**INPUT DATA**:
═══

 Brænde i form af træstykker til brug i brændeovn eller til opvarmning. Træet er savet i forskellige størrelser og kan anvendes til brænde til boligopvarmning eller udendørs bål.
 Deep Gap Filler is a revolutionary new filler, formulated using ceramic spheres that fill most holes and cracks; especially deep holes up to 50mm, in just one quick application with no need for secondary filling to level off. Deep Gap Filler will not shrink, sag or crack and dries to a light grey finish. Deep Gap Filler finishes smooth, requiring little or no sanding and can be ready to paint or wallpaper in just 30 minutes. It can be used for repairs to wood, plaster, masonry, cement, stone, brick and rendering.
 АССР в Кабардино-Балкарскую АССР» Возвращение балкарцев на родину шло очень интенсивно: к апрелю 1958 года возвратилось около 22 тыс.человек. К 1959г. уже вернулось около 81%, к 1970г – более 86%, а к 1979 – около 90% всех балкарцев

═══

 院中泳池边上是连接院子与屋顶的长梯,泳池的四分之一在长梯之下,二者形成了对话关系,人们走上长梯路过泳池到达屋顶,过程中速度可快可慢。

═══

**PROBLEM REQUIREMENTS**:
Beginning with the line containing "Deep Gap Filler is" and ending with the line containing "АССР в Кабардино-Балкарскую", extract those lines exactly from the listing above, and only those.

**RESULT FOR THIS EXERCISE**:
 Deep Gap Filler is a revolutionary new filler, formulated using ceramic spheres that fill most holes and cracks; especially deep holes up to 50mm, in just one quick application with no need for secondary filling to level off. Deep Gap Filler will not shrink, sag or crack and dries to a light grey finish. Deep Gap Filler finishes smooth, requiring little or no sanding and can be ready to paint or wallpaper in just 30 minutes. It can be used for repairs to wood, plaster, masonry, cement, stone, brick and rendering.
 АССР в Кабардино-Балкарскую АССР» Возвращение балкарцев на родину шло очень интенсивно: к апрелю 1958 года возвратилось около 22 тыс.человек. К 1959г. уже вернулось около 81%, к 1970г – более 86%, а к 1979 – около 90% всех балкарцев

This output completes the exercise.